**Try it:** Only the lines from the start of the entries through the line with "On the territory" should be returned, each exactly as it stands, and no pictures.

** Opening Data supplied block **

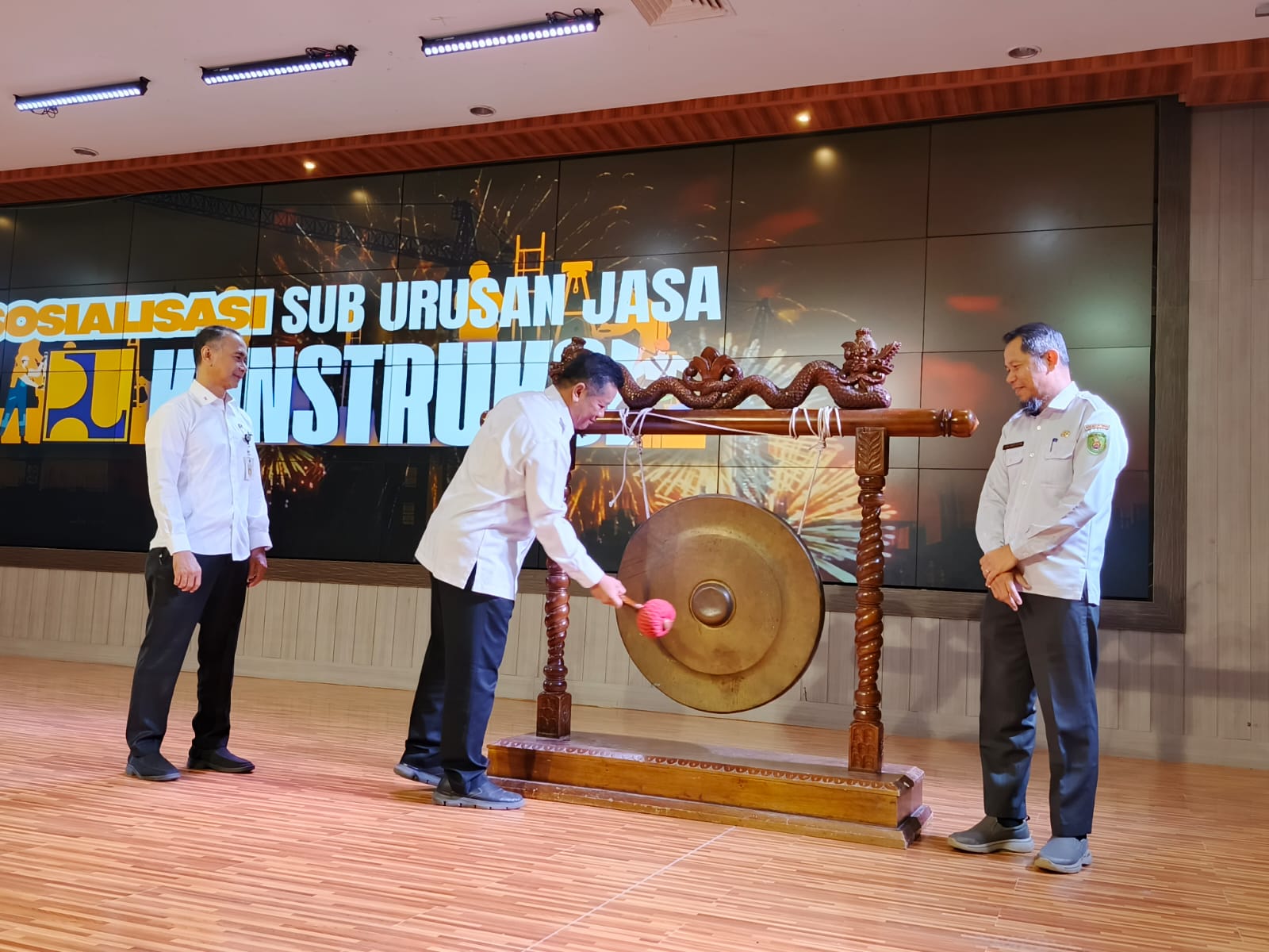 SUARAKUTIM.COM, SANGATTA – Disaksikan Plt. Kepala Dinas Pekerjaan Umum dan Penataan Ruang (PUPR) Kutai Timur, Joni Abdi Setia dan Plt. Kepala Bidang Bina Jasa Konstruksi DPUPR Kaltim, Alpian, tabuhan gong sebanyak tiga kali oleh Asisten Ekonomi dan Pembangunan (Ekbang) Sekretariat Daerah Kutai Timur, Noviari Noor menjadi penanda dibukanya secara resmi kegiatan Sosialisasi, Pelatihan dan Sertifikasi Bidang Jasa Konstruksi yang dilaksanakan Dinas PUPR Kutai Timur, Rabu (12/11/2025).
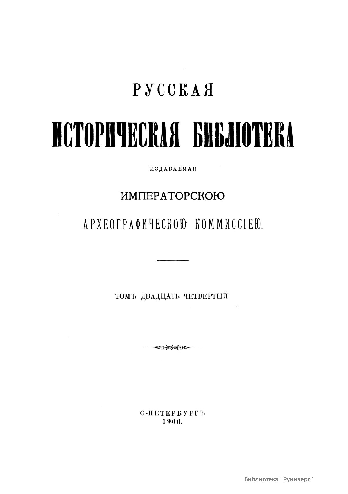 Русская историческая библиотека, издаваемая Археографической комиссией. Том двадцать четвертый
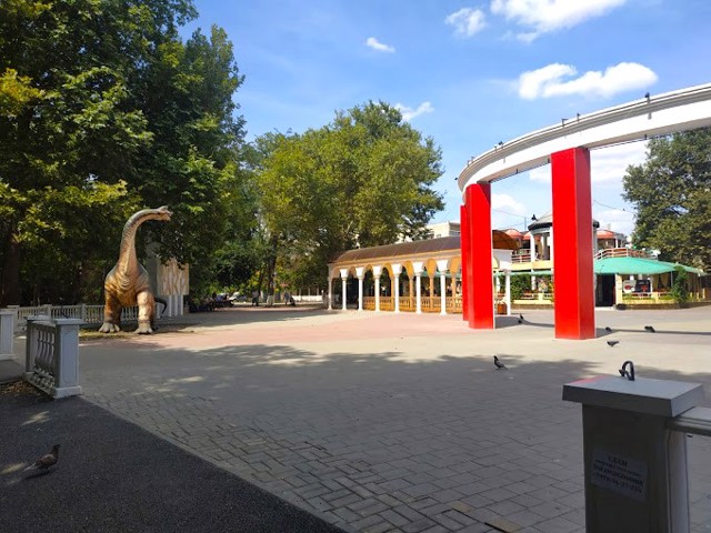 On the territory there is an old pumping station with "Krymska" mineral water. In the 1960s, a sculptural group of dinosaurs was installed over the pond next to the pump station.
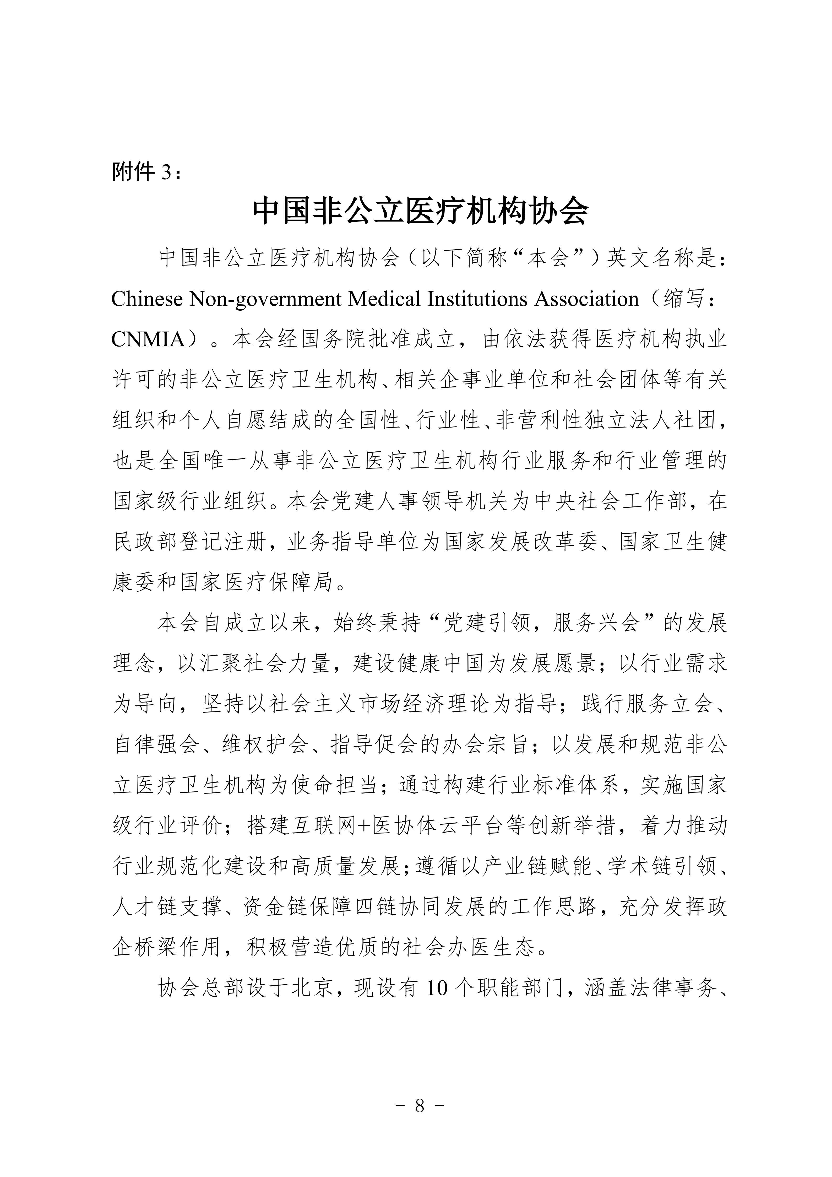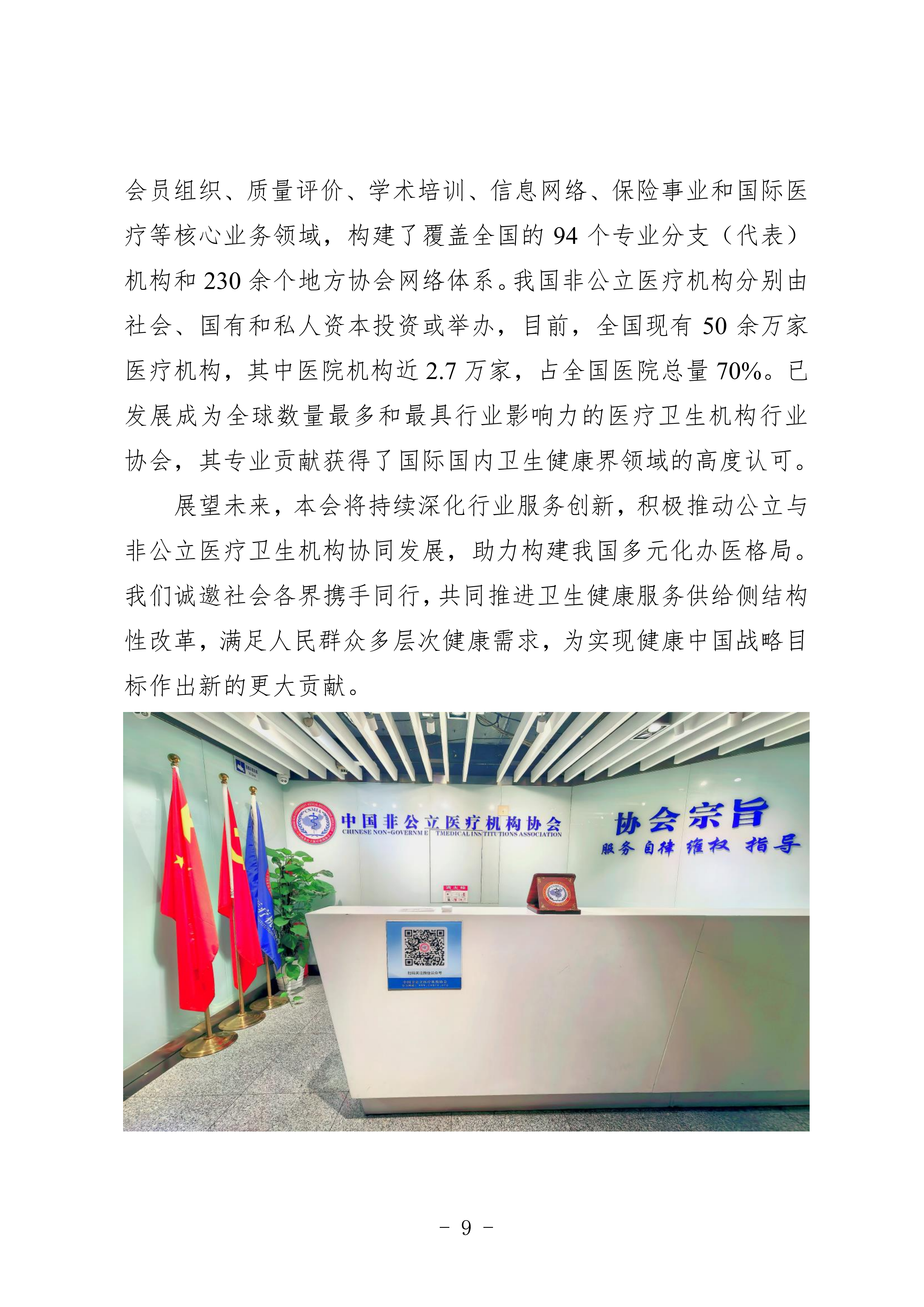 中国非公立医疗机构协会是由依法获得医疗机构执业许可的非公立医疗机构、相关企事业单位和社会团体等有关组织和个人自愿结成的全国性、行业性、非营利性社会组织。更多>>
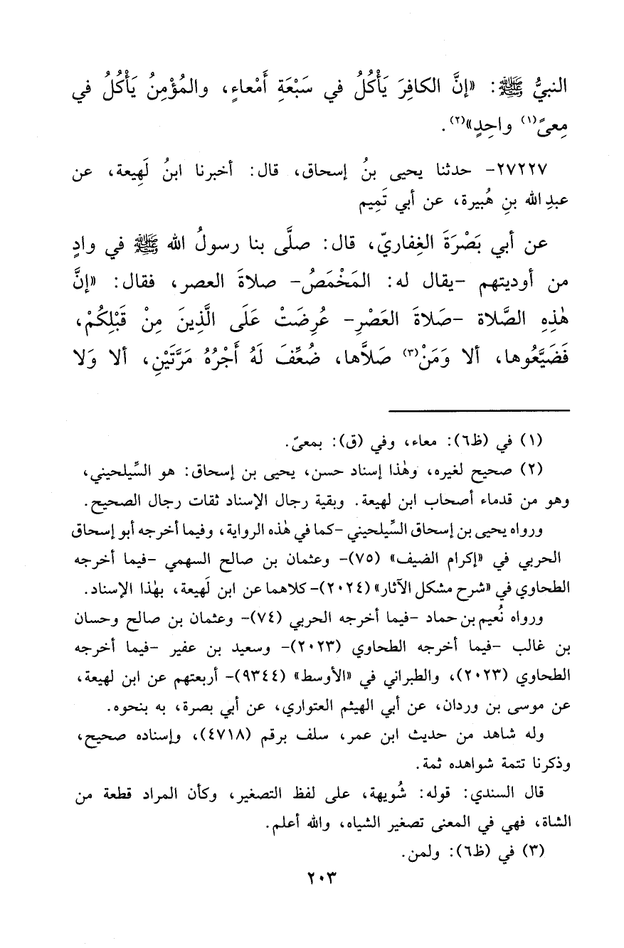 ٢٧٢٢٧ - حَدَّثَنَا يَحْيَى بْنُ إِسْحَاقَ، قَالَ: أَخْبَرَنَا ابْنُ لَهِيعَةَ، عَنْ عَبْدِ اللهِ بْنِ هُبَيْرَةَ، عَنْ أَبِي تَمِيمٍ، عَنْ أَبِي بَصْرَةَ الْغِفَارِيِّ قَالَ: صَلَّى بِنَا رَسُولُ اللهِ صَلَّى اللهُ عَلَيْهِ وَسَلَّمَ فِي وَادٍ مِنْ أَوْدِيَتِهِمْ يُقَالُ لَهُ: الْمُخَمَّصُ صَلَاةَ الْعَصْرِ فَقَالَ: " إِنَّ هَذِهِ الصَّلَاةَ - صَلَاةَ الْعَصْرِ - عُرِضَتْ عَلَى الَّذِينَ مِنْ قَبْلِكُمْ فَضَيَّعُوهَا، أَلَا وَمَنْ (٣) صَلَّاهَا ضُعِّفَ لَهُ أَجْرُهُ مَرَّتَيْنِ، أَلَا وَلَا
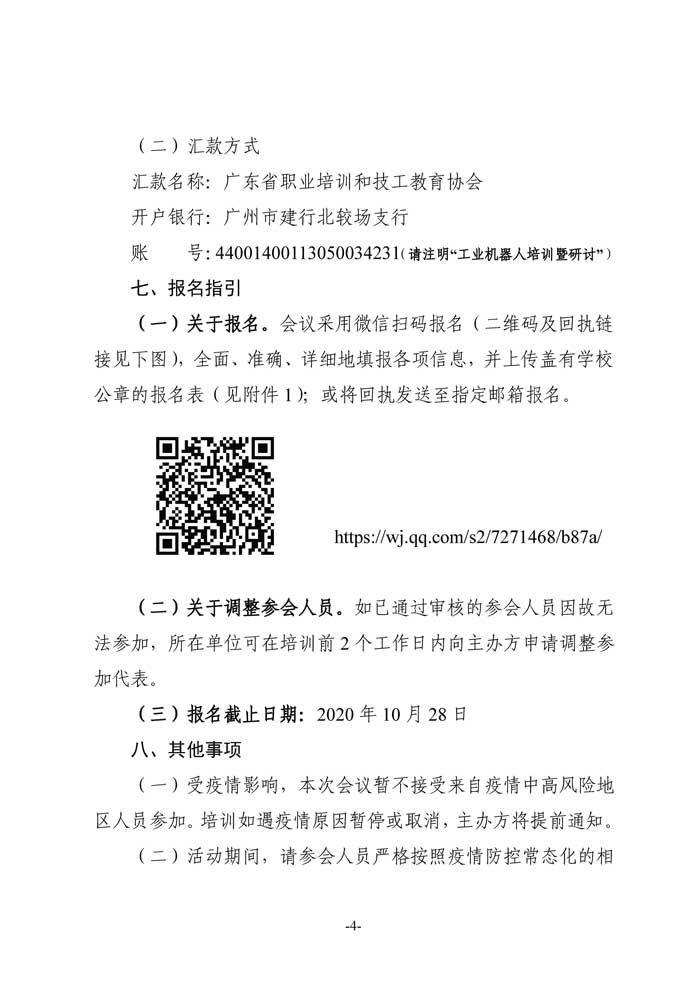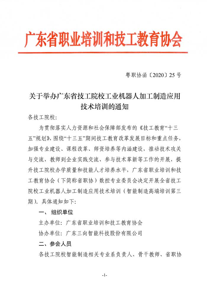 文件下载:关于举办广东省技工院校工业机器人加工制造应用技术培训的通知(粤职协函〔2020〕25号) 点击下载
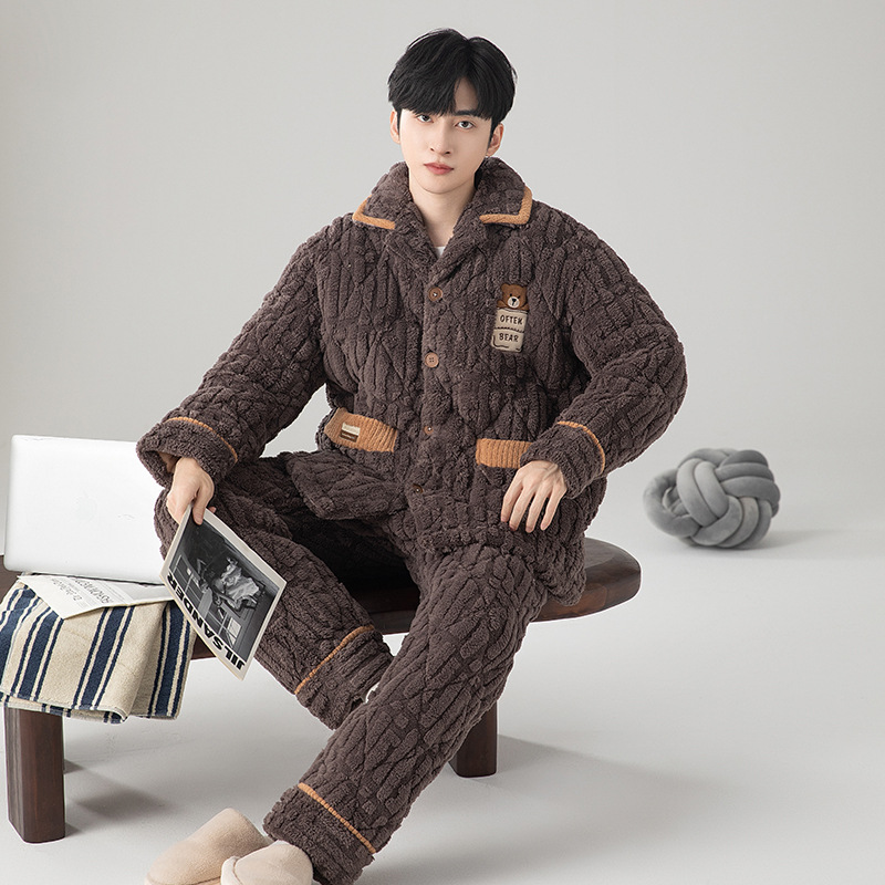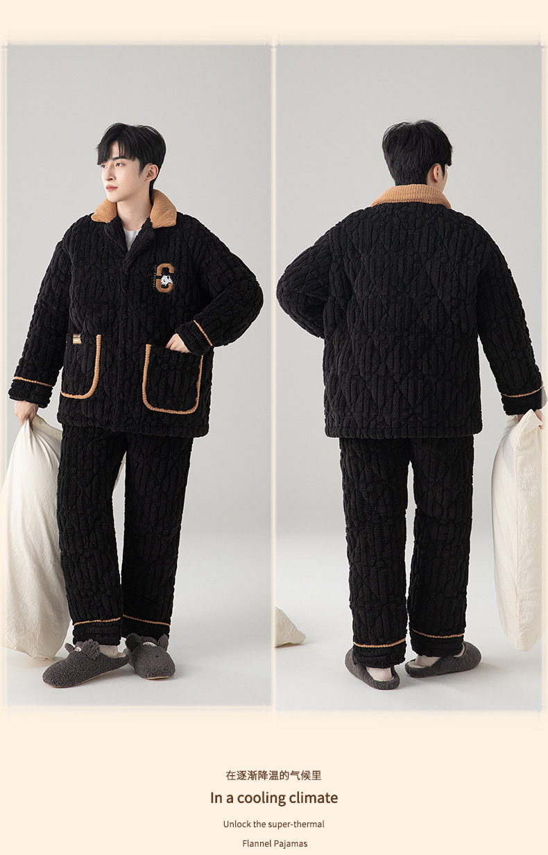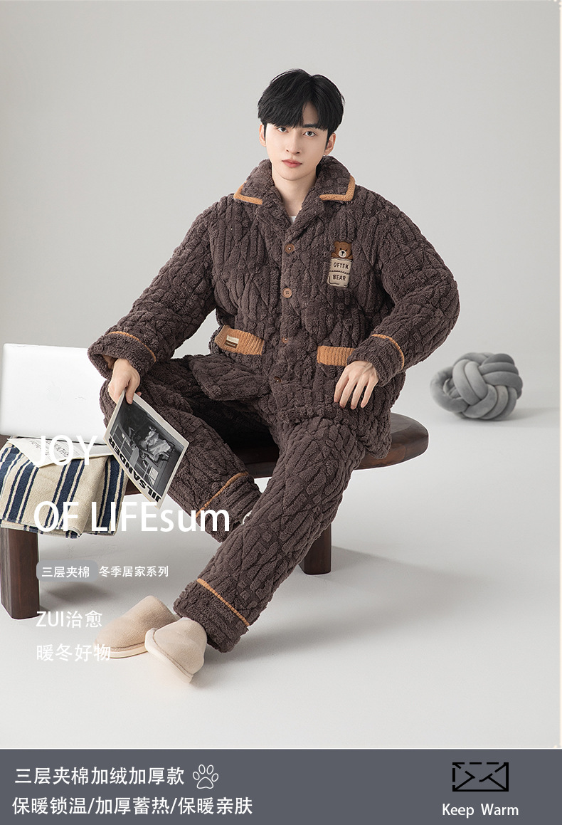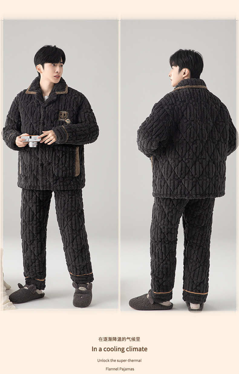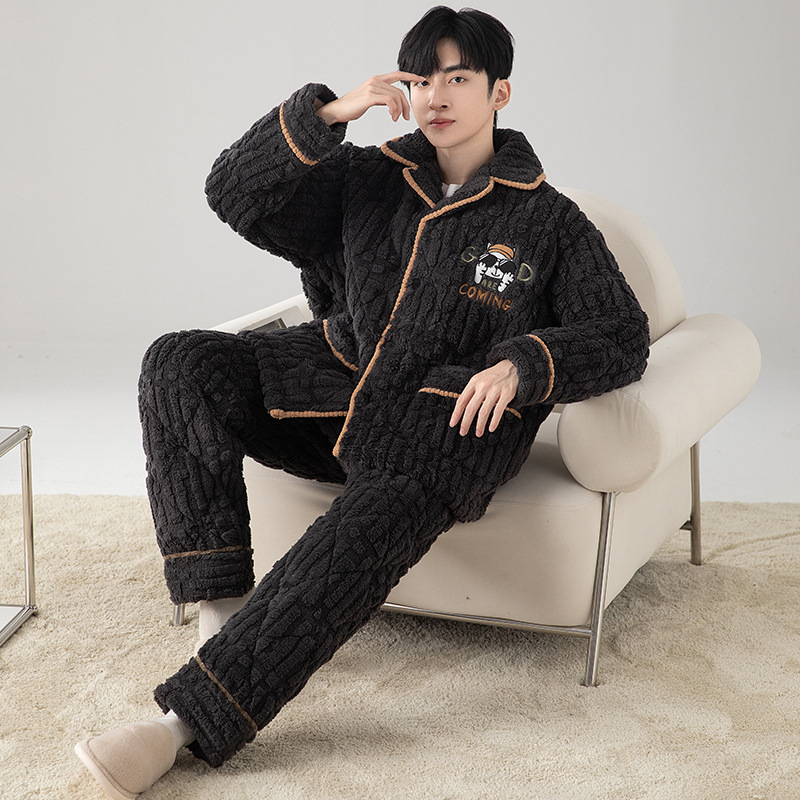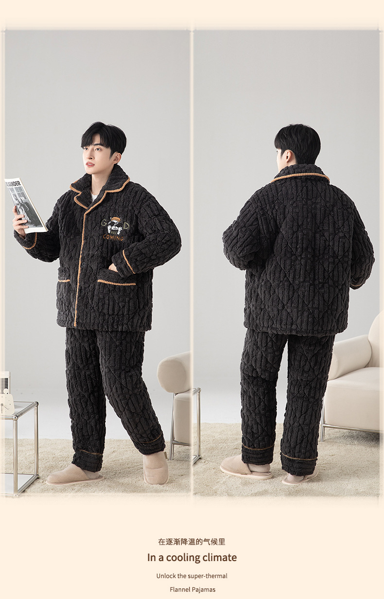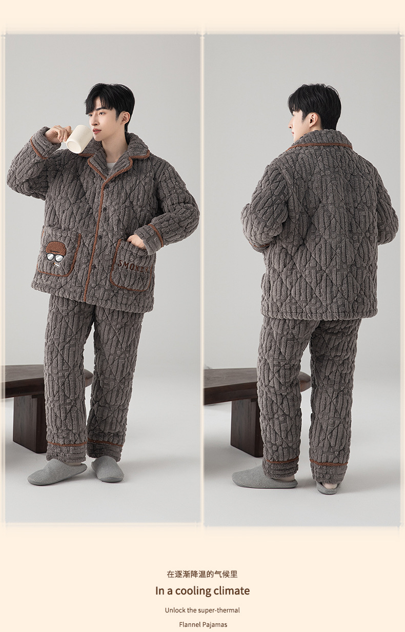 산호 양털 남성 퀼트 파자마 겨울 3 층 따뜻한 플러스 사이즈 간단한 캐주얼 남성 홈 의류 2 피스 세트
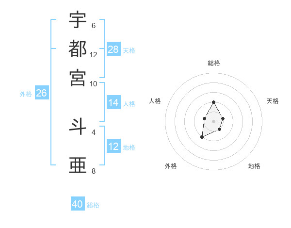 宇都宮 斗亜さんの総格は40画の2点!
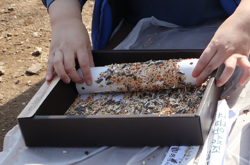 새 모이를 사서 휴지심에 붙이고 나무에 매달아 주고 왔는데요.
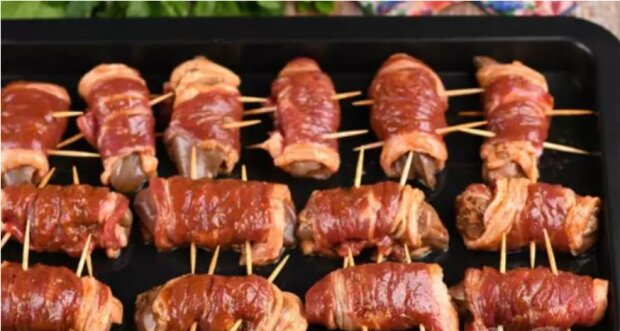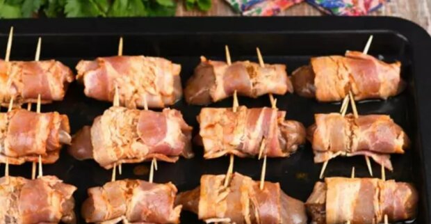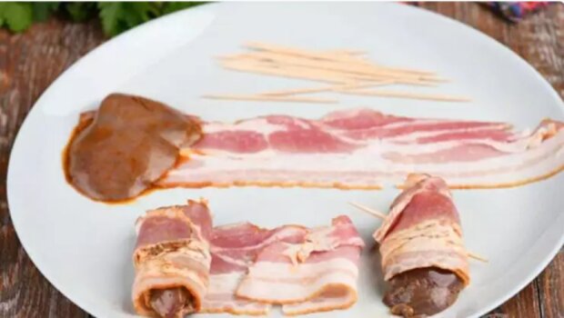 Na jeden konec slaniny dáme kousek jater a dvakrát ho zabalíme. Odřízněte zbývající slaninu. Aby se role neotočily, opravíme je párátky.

** Closing Data supplied block **

**Answer:**
 SUARAKUTIM.COM, SANGATTA – Disaksikan Plt. Kepala Dinas Pekerjaan Umum dan Penataan Ruang (PUPR) Kutai Timur, Joni Abdi Setia dan Plt. Kepala Bidang Bina Jasa Konstruksi DPUPR Kaltim, Alpian, tabuhan gong sebanyak tiga kali oleh Asisten Ekonomi dan Pembangunan (Ekbang) Sekretariat Daerah Kutai Timur, Noviari Noor menjadi penanda dibukanya secara resmi kegiatan Sosialisasi, Pelatihan dan Sertifikasi Bidang Jasa Konstruksi yang dilaksanakan Dinas PUPR Kutai Timur, Rabu (12/11/2025).
 Русская историческая библиотека, издаваемая Археографической комиссией. Том двадцать четвертый
 On the territory there is an old pumping station with "Krymska" mineral water. In the 1960s, a sculptural group of dinosaurs was installed over the pond next to the pump station.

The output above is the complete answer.